T4 holin
Rodzina T4 Holin ( TC# 1.E.8 ) to grupa przypuszczalnych białek tworzących pory, które nie należą do żadnej z siedmiu nadrodzin holinów. Fagi T-parzyste, takie jak T4, wykorzystują układ holinowo-endolizynowy do lizy komórek gospodarza . Chociaż endolizyna faga T4 kodowana przez gen e (lizozym E) została zidentyfikowana w 1961 roku, holina (produkt genu t i zwana T-holiną) została scharakteryzowana dopiero w 2001 roku. Reprezentatywna lista białek należących do rodziny holin T4 można znaleźć w Bazie Danych Klasyfikacji Transporterów .
Struktura
Holina T4 jest dość duża, ma około 218 reszt aminokwasowych (aas) długości. Białko jest wysoce hydrofilowe z 49 kwasowymi i zasadowymi resztami rozmieszczonymi wzdłuż jego długości i pojedynczym domniemanym segmentem transbłonowym (TMS) w pobliżu jego N-końca , pozostawiając większość białka w peryplazmie .
Funkcjonować
Duża domena peryplazmatyczna jest głównym wyznacznikiem mechanizmu synchronizacji i bierze udział w hamowaniu lizy (LIN). LIN obejmuje antyholinowe białko T4 (patrz TC# 1.E.8.1.1 ). Hamowanie lizy jest skuteczną strategią koordynowania czasu lizy z dojrzewaniem cząstek faga i wykluczania innych fagów. C-końcowa domena peryplazmatyczna holiny T4 wiąże domenę peryplazmatyczną antyholiny T4 (RI; 97 aas), która podobnie jak holina rozciąga się raz na błonę. T-holina faga T4 tworzy kompleks 1:1 z inhibitorem RI, który blokuje agregację i tworzenie porów.
Homologia
T-holina faga T4 ( białko lizujące ) jest identyczna z holiną z faga K3 i prawie identyczna z tą z faga ARI. Reszty 35-96 są w 28% identyczne z resztami 436-495 białka wychwytującego K + z Lactococcus lactis (gbAAK04721; TC# 2.A.72 ; KUP), co sugeruje ewolucyjny związek między holiną a transporterem. Holiny mają od 1 do 4 TMS i krótką C-końcową bogatą w reszty zasadowe.
Zobacz też
Dalsza lektura
- Catalão MJ, Gil F, Moniz-Pereira J, São-José C, Pimentel M (2013). „Różnorodność systemów lizy bakteryjnej: bakteriofagi wskazują drogę” . Recenzje mikrobiologiczne FEMS . 37 (4): 554–571. doi : 10.1111/1574-6976.12006 . PMID 23043507 .

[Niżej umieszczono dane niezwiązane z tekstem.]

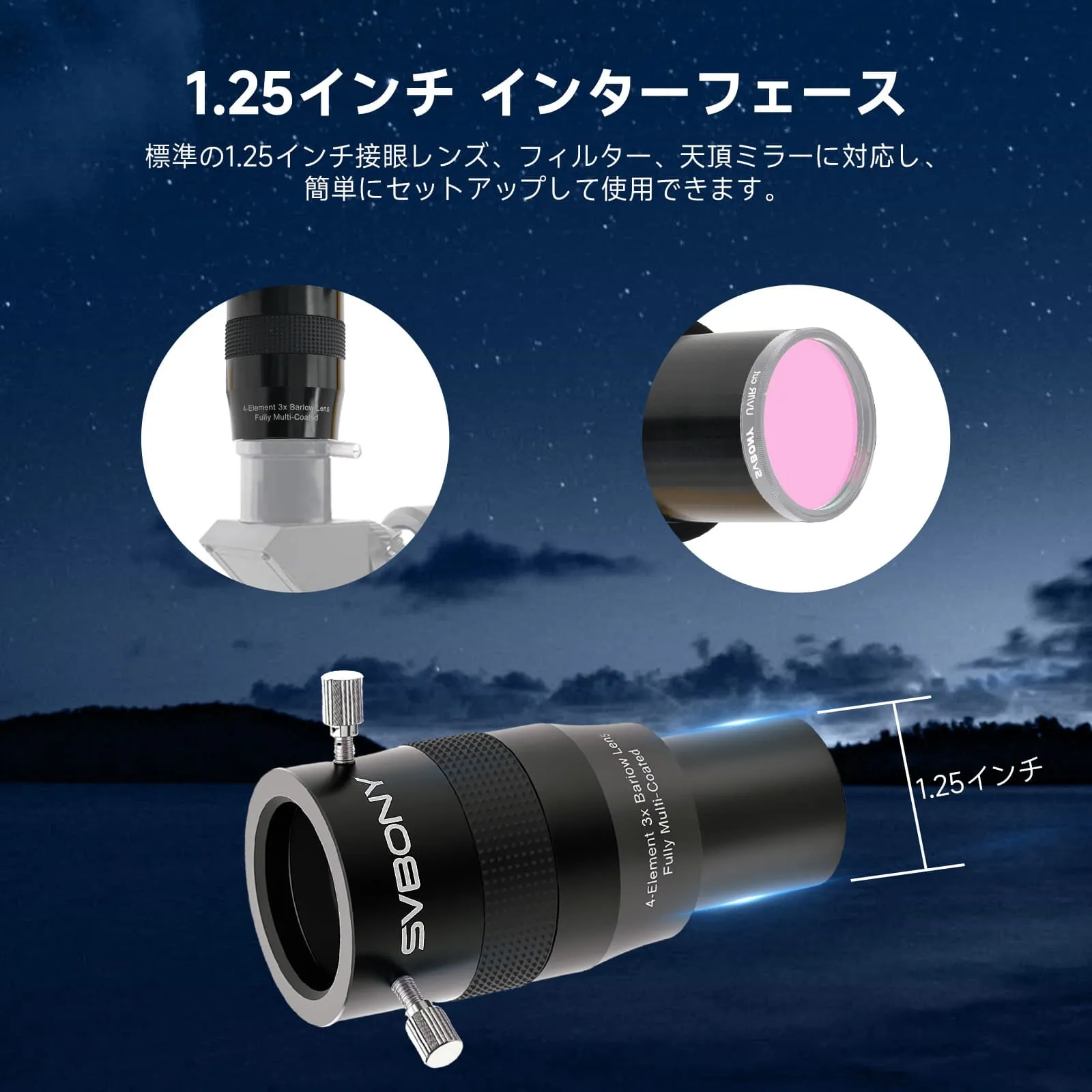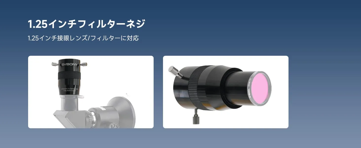 ・優れた互換性と使いやすさ: 標準的な1.25インチインターフェースを採用しており、ほとんどの接眼レンズや天頂ミラーなどと容易に接続でき、セットアップが簡単です。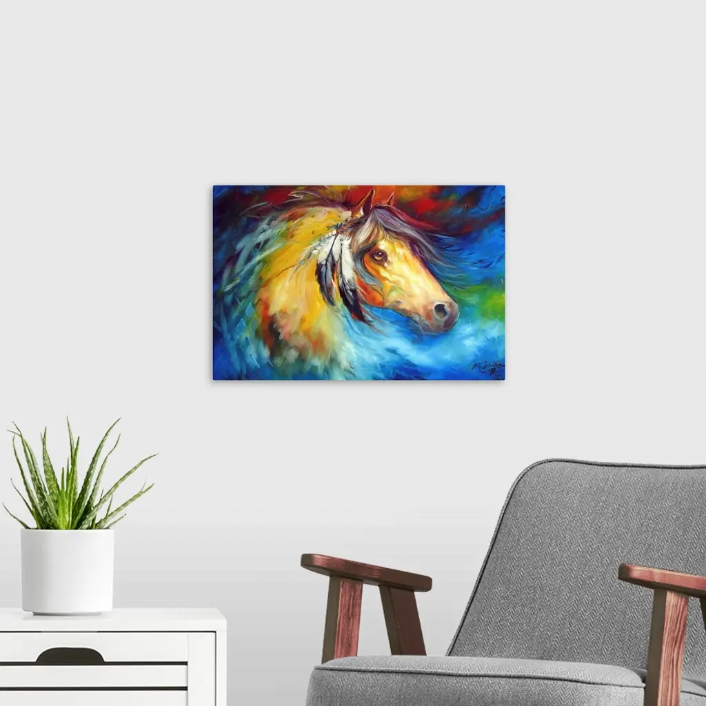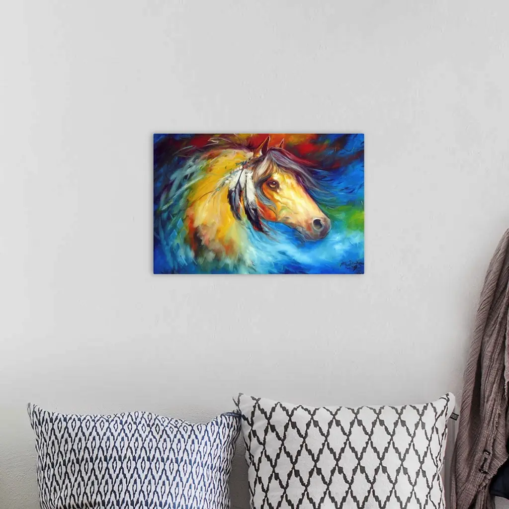 Abstract painting of an Indian War Pony with feathers attached to its mane on a colorful background.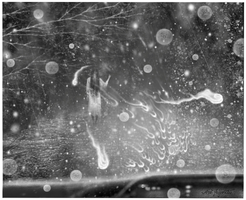![]() 2.峠の中腹まで来たときのこと、トラックの前方に人影を認めました。白いワンピース姿の若い女性が、濡れながら手を上げています。まるで乗せてほしいといっているようでした。一瞬、迷ったものの、人家もない峠道で、しかも丑三つ時。あやかしに違いないと思いなおした父は、女性を無視して車を走らせました。 |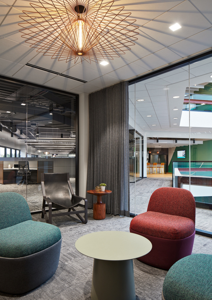 反映他们对平等环境的承诺,该建筑包含最少数量的私人办公室,最大化工作站,并在整个建筑中提供多种尺寸的会议、焦点和协作空间。考虑到从协作工作流程到符合人体工程学的家具的方方面面,最终的设计体现了空间大小的一致性、便利的办公设施以及无缝的技术集成。#企业办公室设计案例#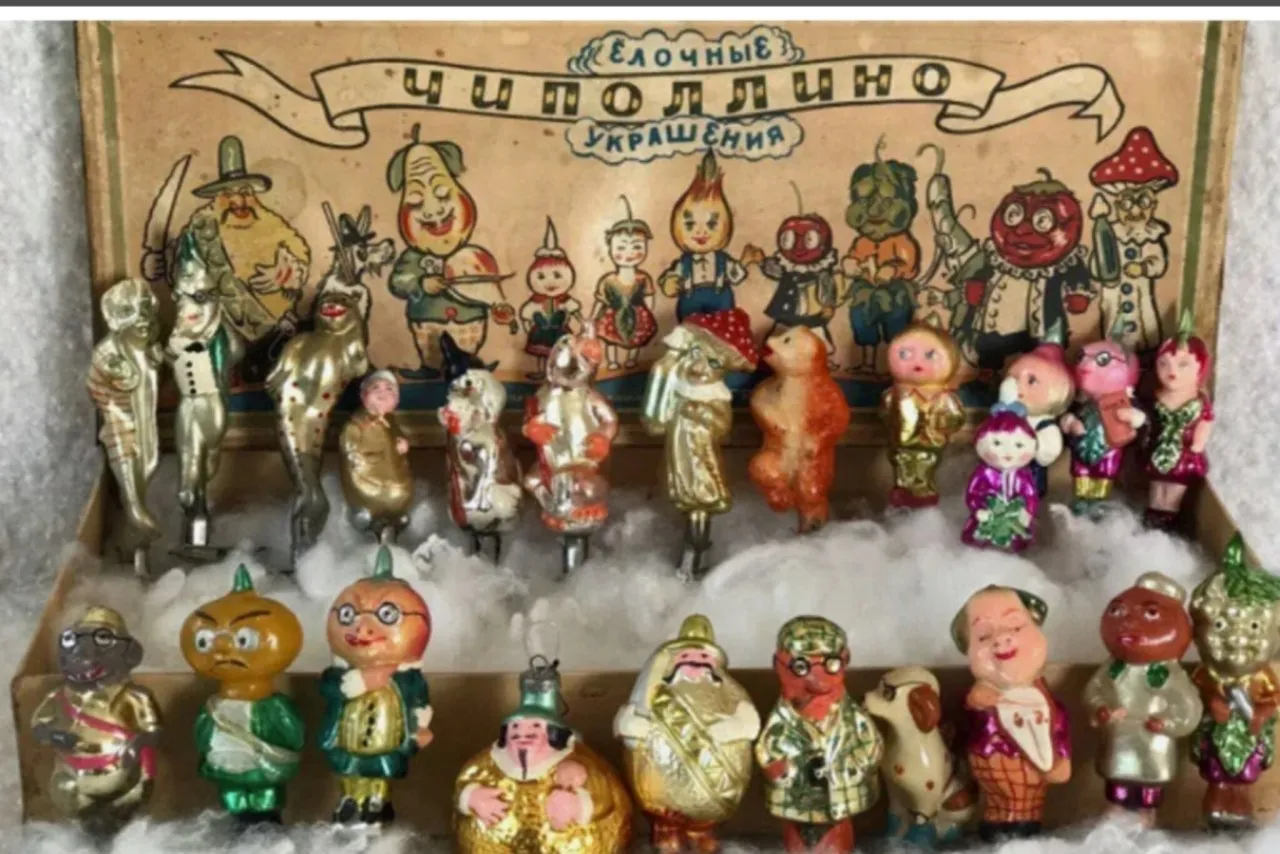 Одним из самых дорогих наборов из советского прошлого стал набор елочных игрушек "Чиполлино". Так, фигурка собаки-ищейки Держи-Хватай оценивается примерно в 40 тысяч рублей. А вот сам Чипллино стоит куда скромнее - порядка 1000 рублей. Тем временем, мастерица из Ярославля делает ватные елочные игрушки в советском стиле.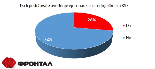Rezultati ankete: 72 odsto ne podržava uvođenje vjeronauke u srednje škole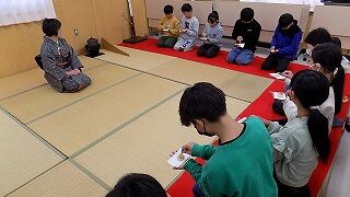 地域とともにある学校づくり 6年生 茶道体験 2月6日(金)、講師をお招きし6年生で茶道体験教室を実施しました。まず、お茶の歴史や茶道の作法、道具の説明など、丁寧に分かりやすく教えていただきました。また「わび・さび」の意味や茶道をおこなう上で大切にされている「和・敬・清・寂」という... 2026.02.12 地域とともにある学校づくり学習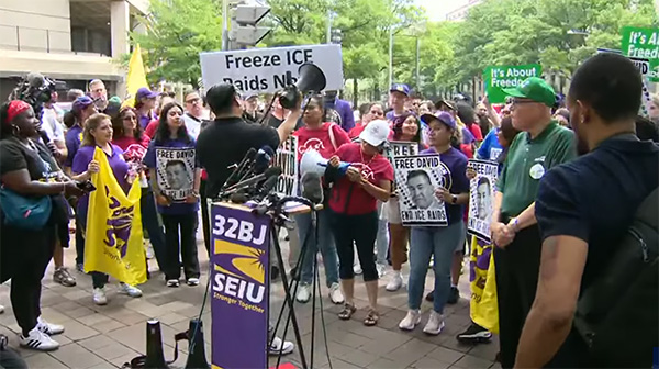 美國哥倫比亞廣播公司(CBS)稱,在紐約市的特朗普大廈等地,抗議者舉行了靜坐抗議活動。在曼哈頓下城,包括市議員在內的抗議者也舉行了集會,紐約市議會議長阿德里安娜·亞當斯(Adrienne Adams)發表講話,呼籲ICE停止針對非法移民的搜捕。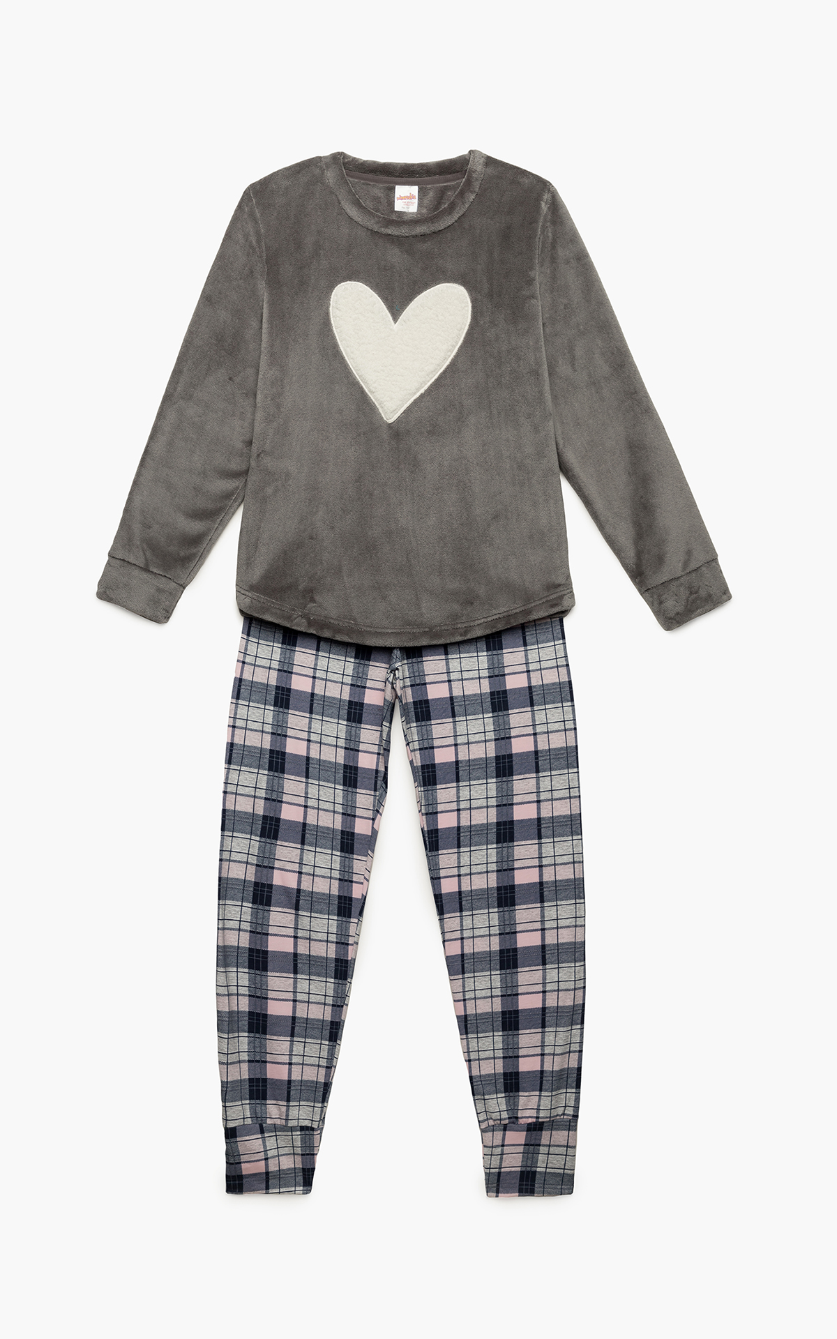 • Girls' Pyjama Set with Fleece Top & Printed Pants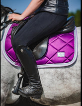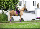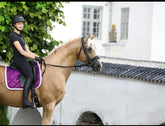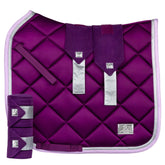 Die Schabracke „My Passion“ in purple dream besticht durch ihre glänzende und elegante Satin-Oberfläche, einer weichen großen Steppung und nicht zuletzt dem breiten funkelnden Glitzer-Banding. Die Farbe purple dream ist ein wunderschöner dunkler Violettton.
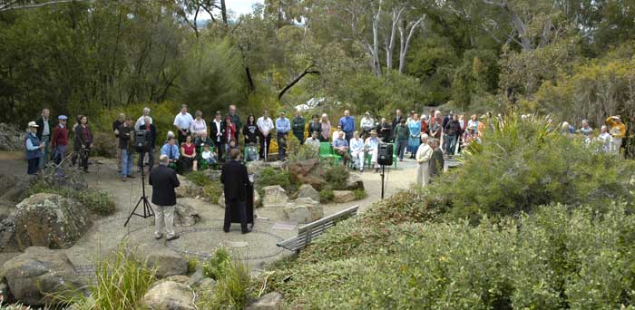 Ceremony for the John Wrigley plaque on 21 October 2005, near the Rock Garden waterfall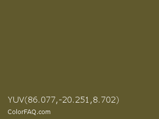 YUV 86.077,-20.251,8.702 Color is a dark yellow color and the nearest color is Costa Del Sol #615d30. Hex code #60592d and RGB value is rgb(96,89,45). In RGB color space, this color is composed of 38% red, 35% green, 18% blue, In CMYK color space, this color is composed of 0% cyan, 7% magenta, 53% yellow , 62% black , In HSL color space, this color has a hue angle of 52° , 36% saturation and 28% lightness.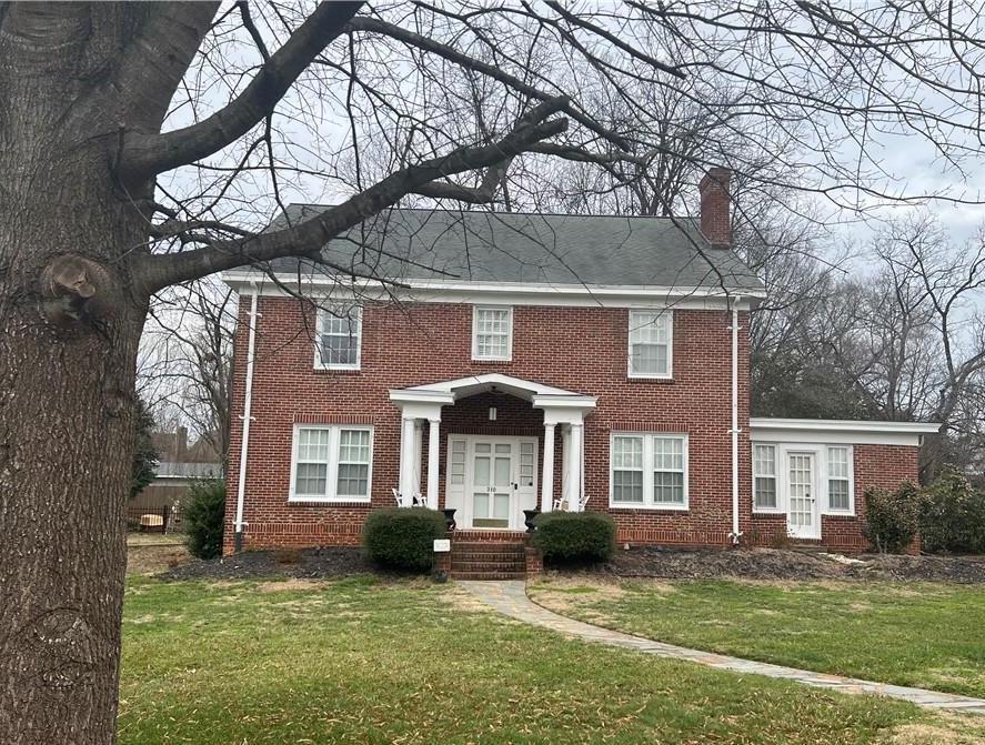 - District NR nomination: “Two-story side-gable-roofed Colonial Revival with a full-height portico supported by square posts; 4/1 sash, brick end chimney, one-story wing with large picture window on east side, rear shed addition, vinyl siding on façade, weatherboards on other elevations.

- Moussa SH, Lawler JL, Młody R (2014). „Rozbiór genetyczny lizy T4” . Journal of Bacteriology . 196 (12): 2201–2209. doi : 10.1128/JB.01548-14 . PMC 4054191 . PMID 24706740 .
- Saier MH, Reddy BL, Margolin W (2015). „Holiny u bakterii, eukariontów i archeonów: wielofunkcyjne ksenologie o potencjalnych zastosowaniach biotechnologicznych i biomedycznych” . Journal of Bacteriology . 197 (1): 7–17. doi : 10.1128/JB.02046-14 . PMC 4288690 . PMID 25157079 .
- Tran TA, Struck DK, Young R (2005). „Domeny peryplazmatyczne definiują interakcje Holin-antyholin w hamowaniu lizy T4” . Journal of Bacteriology . 187 (19): 6631–6640. doi : 10.1128/JB.187.19.6631-6640.2005 . PMC 1251592 . PMID 16166524 .
- Tran TA, Struck DK, Young R (2007). „Antyholina T4 RI ma domenę zwalniającą kotwicę sygnału na końcu N, która jest ukierunkowana na degradację przez DegP” . Journal of Bacteriology . 189 (21): 7618–7625. doi : 10.1128/JB.00854-07 . PMC 2168732 . PMID 17693511 .
- Wang I, Smith DL, Young R (2000). „Holins: zegary białkowe infekcji bakteriofagowych”. Roczny przegląd mikrobiologii . 54 (1): 799–825. doi : 10.1146/annurev.micro.54.1.799 . PMID 11018145 .
Od tej edycji w tym artykule wykorzystano treść z „1.E.8 The T4 Holin (T4 Holin) Family” , która jest licencjonowana w sposób umożliwiający ponowne wykorzystanie na podstawie licencji Creative Commons Attribution-ShareAlike 3.0 Unported License , ale nie na licencji GFDL . Należy przestrzegać wszystkich odpowiednich warunków.